In order to solve the above technical problem, in a third aspect, an embodiment of the present invention provides a communication apparatus, including:

a memory for storing a computer program;

a processor for executing the computer program;

wherein the processor, when executing the computer program, implements the method for wired connection network quality assessment according to any of the first aspect.

In order to solve the above technical problem, in a fourth aspect, the present invention provides a computer-readable storage medium having stored thereon a computer program that, when executed, implements the wired connection network quality evaluation method according to any one of the first aspects.
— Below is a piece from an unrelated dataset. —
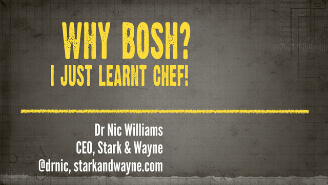 LEARNT CHEF | CLOUDTECH4 APRIL 2013 gem install bosh-‐bootstrap bosh-‐bootstrap deploy bosh-‐bootstrap ssh bosh cf prepare system demo bosh cf change deas 3 bosh cf add service postgresql 2 bosh cf add service redis 1 bosh deploy Try this:

Compared with the prior art, the method, the device, the equipment and the storage medium for evaluating the quality of the wired connection network provided by the embodiment of the invention have the beneficial effects that: after the actual line length of the network cable and the supportable line length corresponding to the driving parameter critical value are obtained, the actual line length of the network cable and the supportable line length corresponding to the driving parameter critical value are compared, the connection quality of a wired connection mode can be judged and evaluated quickly, and when the network connection quality is poor, problems can be diagnosed and positioned, so that the network connection quality is guaranteed.

Drawings

In order to more clearly illustrate the technical features of the embodiments of the present invention, the drawings needed to be used in the embodiments of the present invention will be briefly described below, and it is apparent that the drawings described below are only some embodiments of the present invention, and it is obvious for those skilled in the art that other drawings can be obtained based on the drawings without inventive labor.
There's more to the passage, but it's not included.